Bisnis.com, JAKARTA – Ekspor batu bara akan kembali bergulir seiring adanya titik terang terhadap pasokan batu bara pada pembangkit listrik tenaga uap (PLTU) milik PT PLN (Persero) dan penyedia listrik swasta atau independent power producer (IPP).
Seperti diketahui, Kementerian Energi dan Sumber Daya Mineral (ESDM) melarang ekspor batu bara sepanjang 1–31 Januari 2022. Kebijakan itu dikeluarkan seiring dengan menipisnya pasokan batu bara untuk pembangkit listrik di dalam negeri.
Sehari setelah kebijakan itu terbit, pemerintah melalui Kementerian Perdagangan dan Kementerian ESDM bersama pelaku usaha melakukan pertemuan membahas keputusan tersebut.
Direktur Eksekutif Asosiasi Pertambangan Batubara Indonesia (APBI) Hendra Sinadia mengatakan bahwa pertemuan itu menghasilkan titik terang terhadap kelangkaan pasokan yang dialami setidaknya pada 20 PLTU.

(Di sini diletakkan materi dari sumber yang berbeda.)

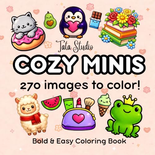 Cozy Minis: A Mini Adult Coloring Book with 270 Cute Designs for Easy Coloring, Relaxation, Stress Relief, Creative Projects, Handmade Gifts, Stickers, and Fabric Transfer Crafts

“Ada titik terang kelangkaan pasokan di beberapa PLTU seperti yang dikeluhkan oleh PLN akan bisa teratasi dalam waktu dekat, sehingga ekspor mulai bisa bergulir kembali,” katanya kepada Bisnis, Senin (3/12/2021).
Asosiasi menyatakan fokus pelaku usaha dan pemerintah saat ini adalah memastikan agar kelangkaan pasokan seperti yang dikeluhkan PLN dapat segera diatasi dalam waktu singkat.
Baca Juga
Direktur Jenderal Mineral dan Batu Bara Kementerian ESDM Ridwan Djamaludin mengatakan bahwa larangan ekspor batu bara dilakukan untuk memenuhi kebutuhan pada 20 PLTU.
“Jika larangan ekspor tidak dilakukan, hampir 20 PLTU dengan daya sekitar 10.850 megawatt [MW] akan padam. Ini berpotensi mengganggu kestabilan perekonomian nasional,” katanya.
Pemerintah juga berjanji akan kembali mengizinkan ekspor komoditas emas hitam apabila pasokan batu bara sudah dipenuhi. Kementerian ESDM pun akan mengevaluasi kebijakan tersebut pada 5 Januari 2022.
Sebelumnya, APBI dalam keterangannya sempat menyebut kebijakan pelarangan ekspor berpotensi mengganggu produksi batu bara sekitar 38 juta hingga 40 juta metrik ton per bulan.
Asosiasi juga memproyeksikan potensi hilangnya devisa negara dari ekspor batu bara sebesar US$3 miliar per bulan, atau sekitar Rp42 triliun (kurs Rp14.000) akibat pelarangan tersebut.